Radiolabelling of nanoparticles by proton irradiation: temperature control in nanoparticulate powder targets

Abstract

Radiolabelled nanoparticles are useful tools for biodistribution or cellular uptake studies related to the risk assessment of nanomaterials. Such studies are ideally carried out with industrially manufactured nanoparticles. Irradiation of small quantities of such nanoparticles, in the form of dry powders, with neutrons or light ions allows radiolabelling while preserving their biologically relevant properties. However, nanoparticle powders exhibit poor thermal conductivity and may overheat under irradiation. Their effective thermal conductivity is not known and conventional temperature measurement methods are difficult to apply. Reasonably accurate temperature data could be derived from post-irradiation X-ray diffraction studies on anatase ST-01 TiO2-nanoparticles, with a primary particle size of 7 nm, subjected to proton beams of different intensities.
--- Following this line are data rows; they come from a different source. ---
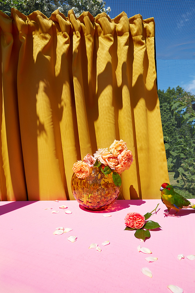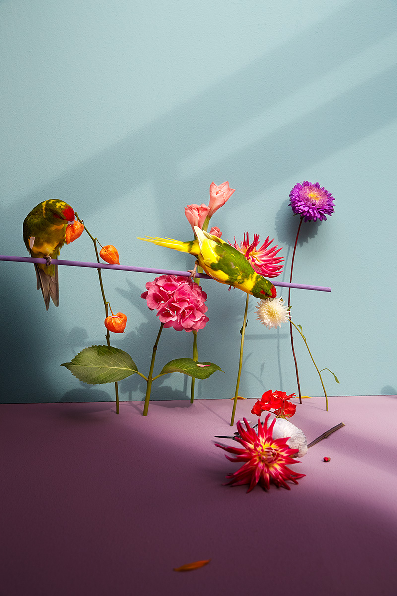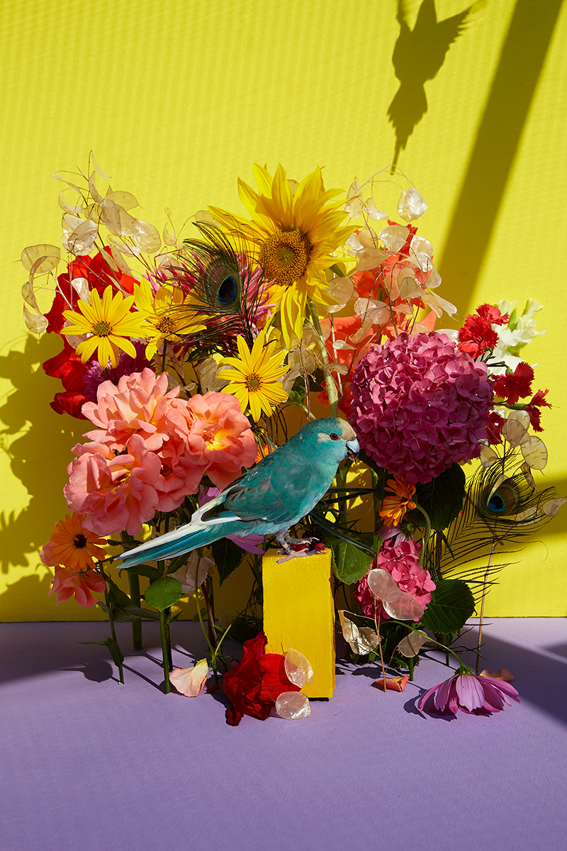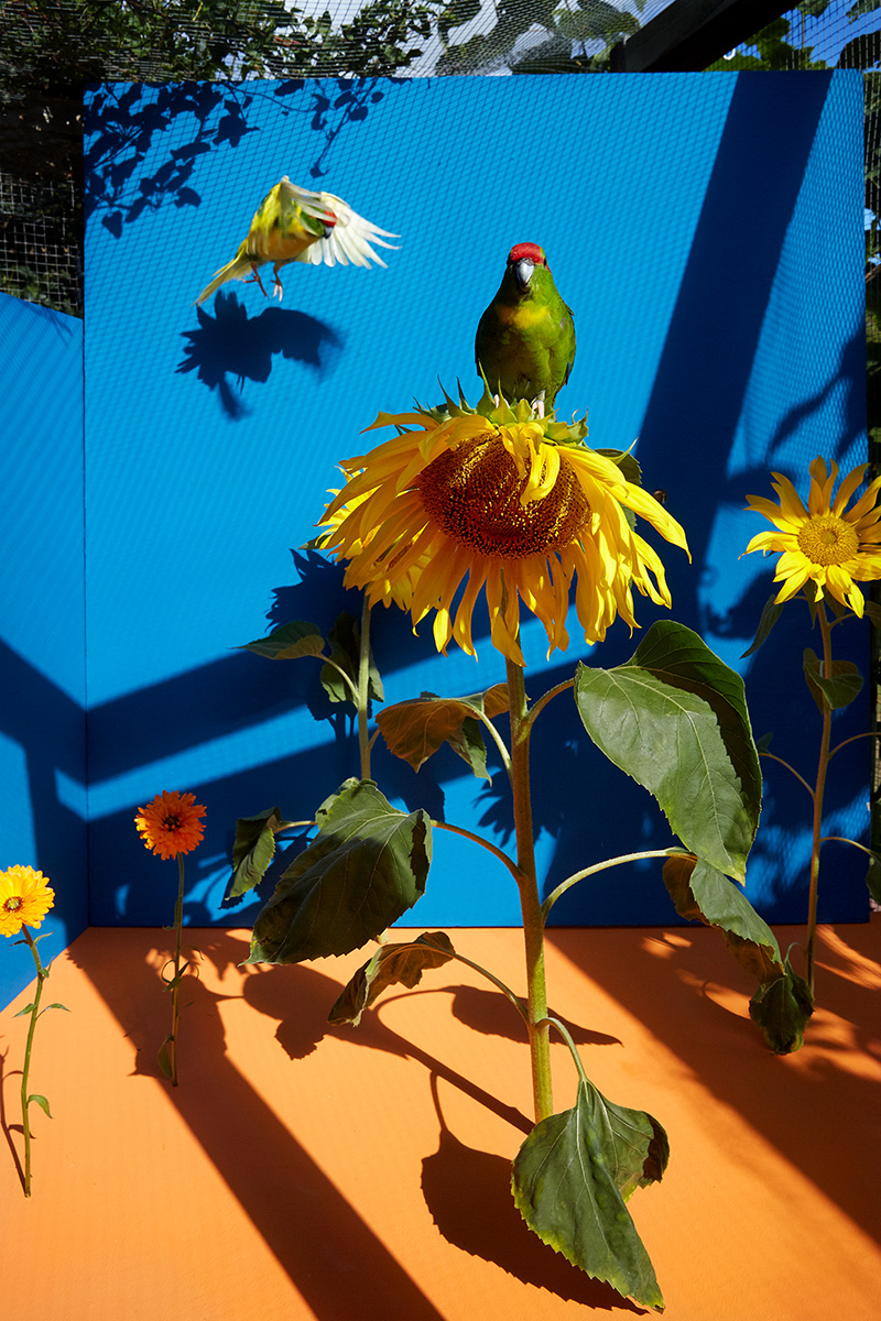 In Summertime, I try to return a fragment of that lost world. Each summer, I bring flowers from my garden into their aviary. For some, it may be their very first encounter with a flower: its smell, its color, its taste. These quiet moments become encounters between captivity and memory, between what was and what might have been.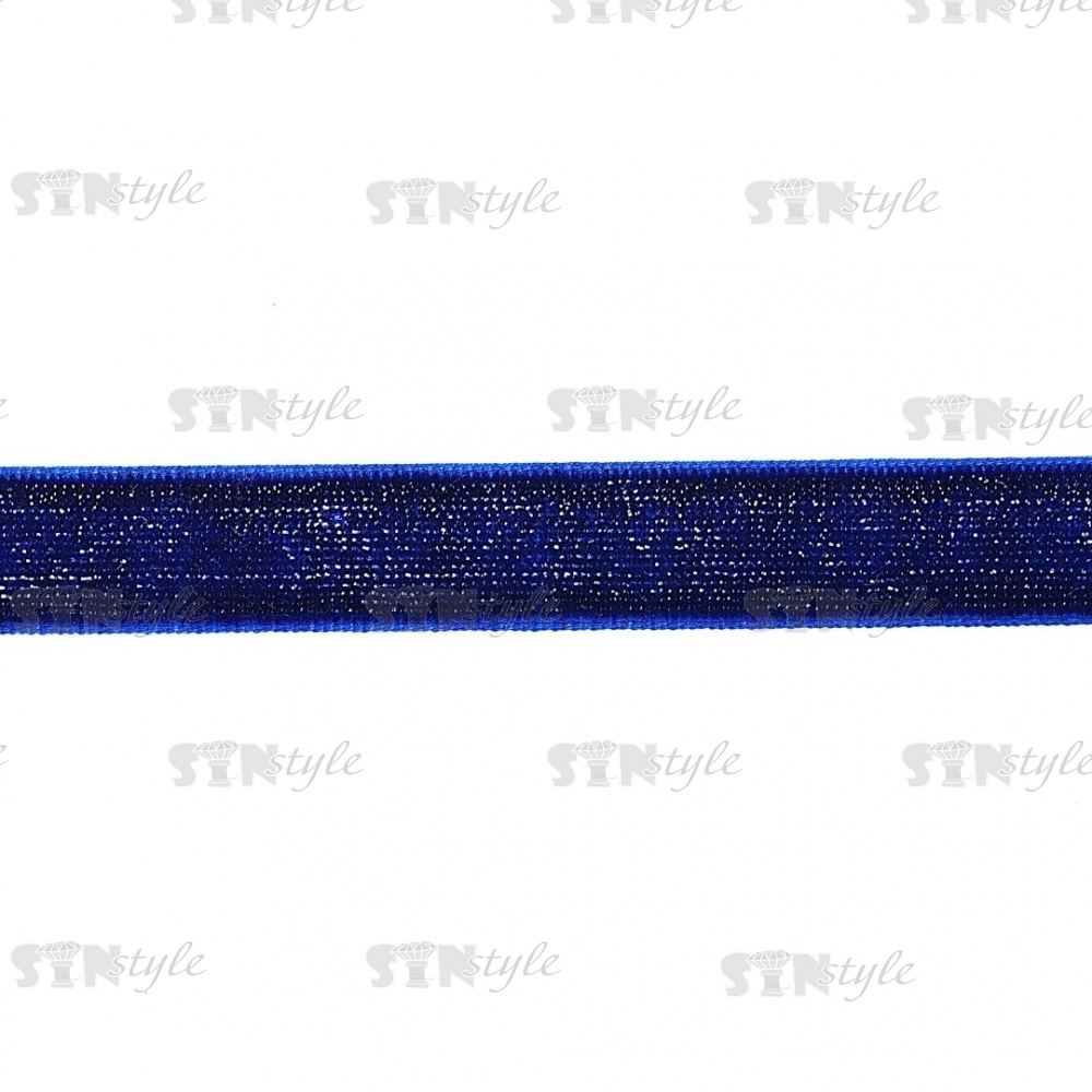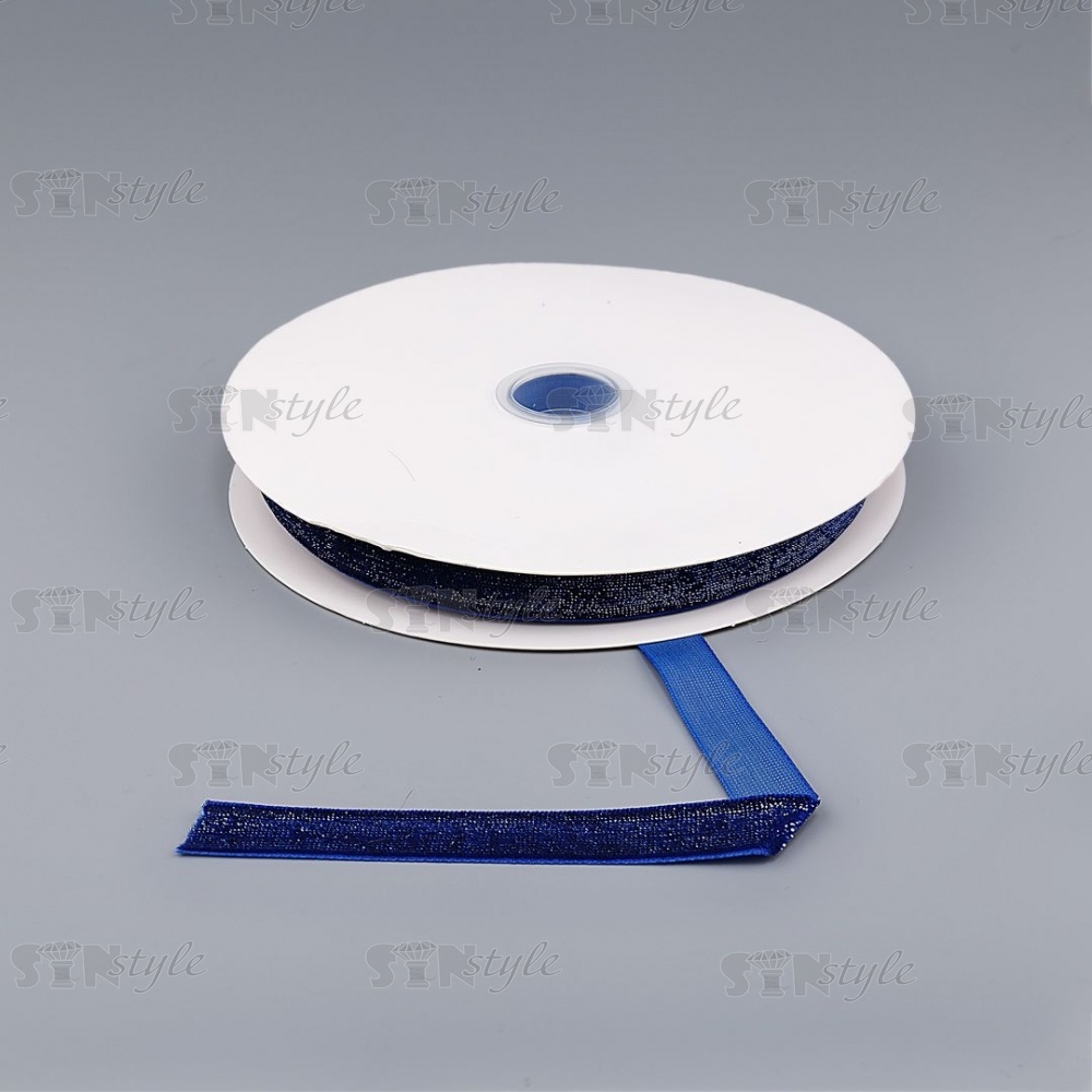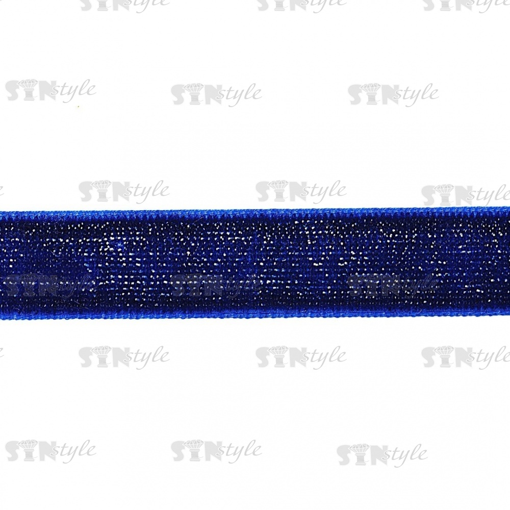 Лента бархатная с люрексом, ширина 15 мм, цвет 175 (синий), намотка 20 ярдов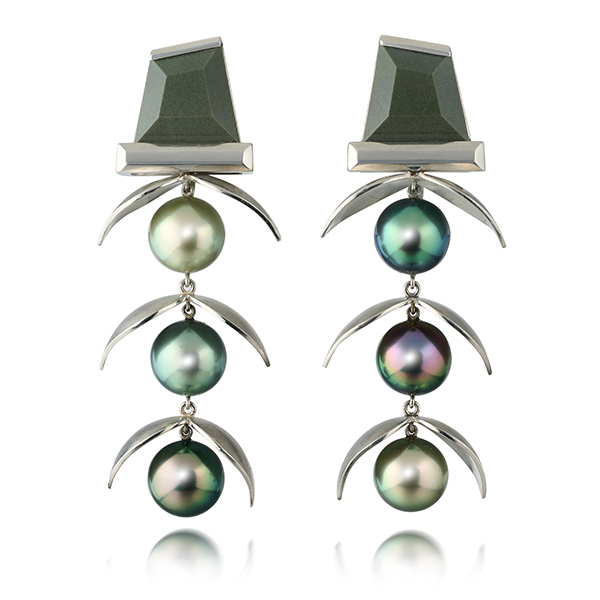 Top: Skin Deep Pot earrings with Tahitian pearls and green jasper in platinum, price on request; Cora Sheibani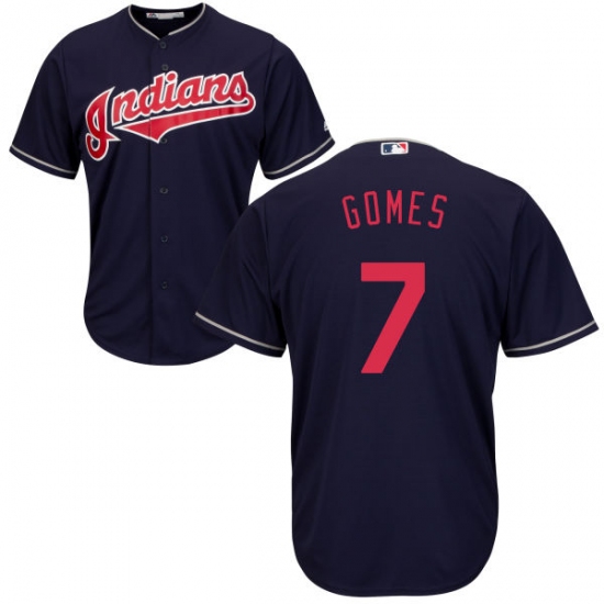 Home>MLB>Cleveland Indians>Yan Gomes>Youth Majestic Cleveland Indians #7 Yan Gomes Replica Navy Blue Alternate 1 Cool Base MLB Jersey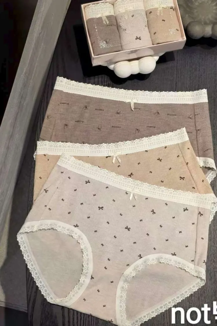 DD317蕾絲邊滿版蝴蝶結三件組內褲
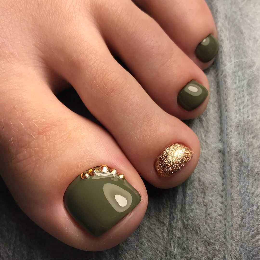 #4 Стильный педикюр с золотыми камнями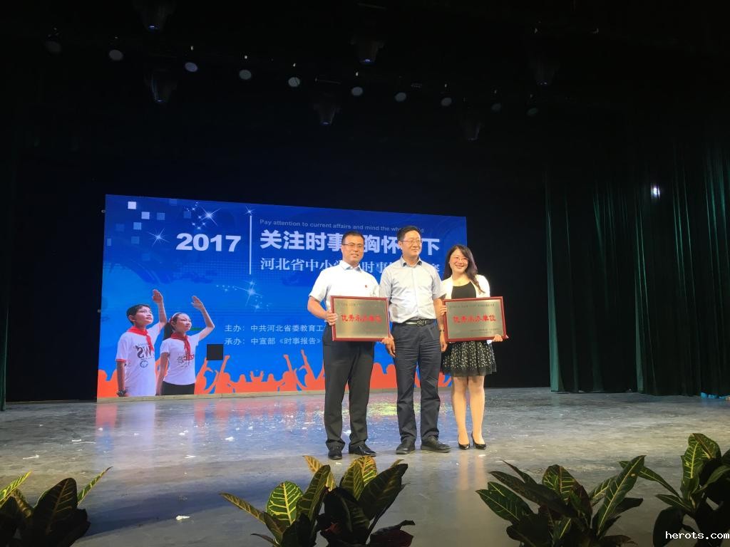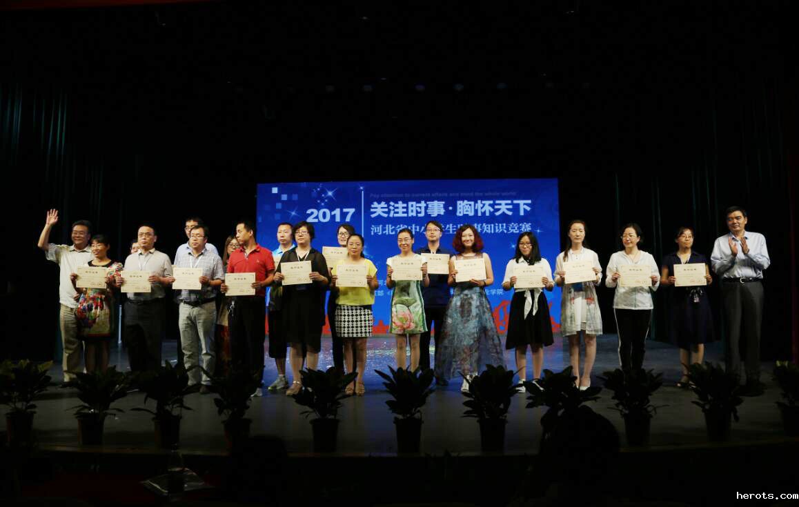 比赛结束后,中宣部《时事报告》杂志社总编张旭、大赛组委会主任、省教育厅副厅长王廷山、院党委书记赵宗更、院长庞彦强、党委副书记延凤宇等领导为获奖同学颁奖,并对获奖选手良好的综合素质予以肯定。王廷山副厅长高度赞扬我院连续两年圆满完成比赛承办任务,亲自向我院学生工作处(部)长郝端勇、中宣部《时事报告》杂志社河北站站长薛婷颁发“优秀承办单位”奖。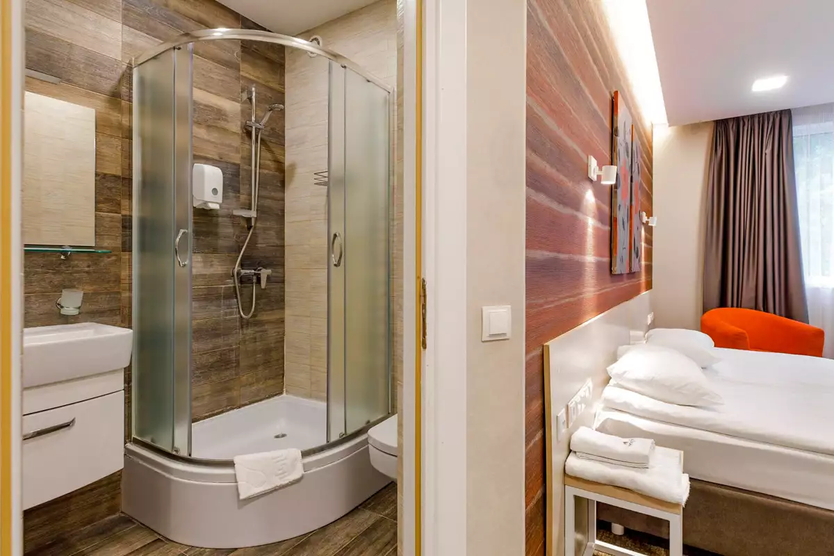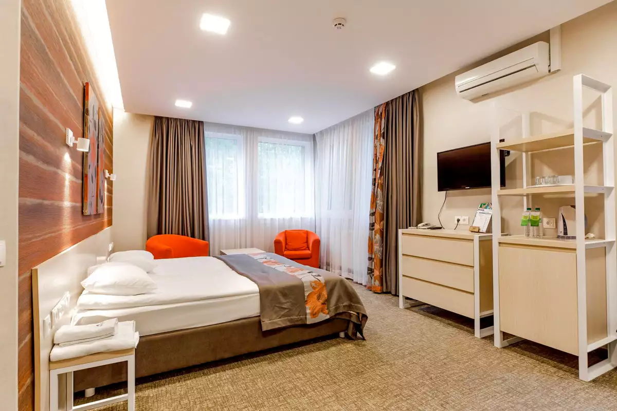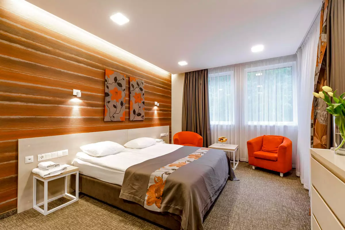 Зручний однокімнатний двомісний покращений номер “Комфорт” оформлений в сучасному стилі з широким та зручним ліжком.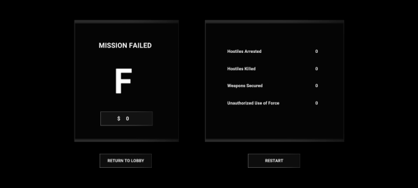 除非人質(zhì)或我方人員收到傷害,否則俘虜/逮捕的優(yōu)先級(jí)永遠(yuǎn)處于擊斃之上。如果想獲得S級(jí)評(píng)分,就必須抓捕嫌疑人,最好的方法就是使他們屈服,使用胡椒噴霧、豆袋槍和泰瑟槍等就可以讓敵人放棄抵抗,然后就可以逮捕了。直接擊斃敵人是最后的手段,盡量不要用。

The anatase-to-rutile phase transition starting at about 750 °C was identified by observing rutile peaks in X-ray diffraction patterns. The onset of growth of single diffracting TiO2-domains at around 200 °C was revealed by shape analysis of the diffraction peaks. Identifying these reference temperatures allowed a calibration of the calculated temperature profile. The effective thermal conductivity in the TiO2 powder target was found to be close to that of air trapped in interstices of the nanoparticulate powder. This suggests that the contribution of the nanoparticles to the heat removal from the target is negligible, thus necessitating the use of thin nanoparticle layers in the target in order to facilitate cooling and prevent thermally induced alterations of the nanoparticles.